- _Instructions to follow_
Go line by line through the records below. Copy whichever lines contain the string "with".

- _Input material_

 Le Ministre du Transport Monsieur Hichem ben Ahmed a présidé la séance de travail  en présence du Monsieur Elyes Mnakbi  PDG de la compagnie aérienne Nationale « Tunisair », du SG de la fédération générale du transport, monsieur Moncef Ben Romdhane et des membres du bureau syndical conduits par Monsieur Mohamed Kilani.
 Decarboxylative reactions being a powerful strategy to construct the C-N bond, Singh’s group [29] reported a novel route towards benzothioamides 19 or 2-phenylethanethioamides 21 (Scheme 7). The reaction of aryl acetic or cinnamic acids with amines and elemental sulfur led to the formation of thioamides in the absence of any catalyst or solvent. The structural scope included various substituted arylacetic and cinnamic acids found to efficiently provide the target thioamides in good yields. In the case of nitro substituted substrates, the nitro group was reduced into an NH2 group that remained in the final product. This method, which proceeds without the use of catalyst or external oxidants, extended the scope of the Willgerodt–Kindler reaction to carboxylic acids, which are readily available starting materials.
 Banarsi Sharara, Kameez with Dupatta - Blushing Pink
==
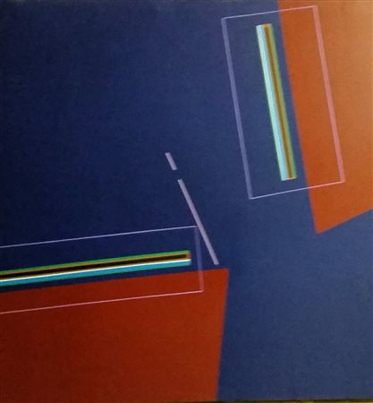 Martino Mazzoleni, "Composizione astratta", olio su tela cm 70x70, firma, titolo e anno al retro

- _Final answer_
 Decarboxylative reactions being a powerful strategy to construct the C-N bond, Singh’s group [29] reported a novel route towards benzothioamides 19 or 2-phenylethanethioamides 21 (Scheme 7). The reaction of aryl acetic or cinnamic acids with amines and elemental sulfur led to the formation of thioamides in the absence of any catalyst or solvent. The structural scope included various substituted arylacetic and cinnamic acids found to efficiently provide the target thioamides in good yields. In the case of nitro substituted substrates, the nitro group was reduced into an NH2 group that remained in the final product. This method, which proceeds without the use of catalyst or external oxidants, extended the scope of the Willgerodt–Kindler reaction to carboxylic acids, which are readily available starting materials.
 Banarsi Sharara, Kameez with Dupatta - Blushing Pink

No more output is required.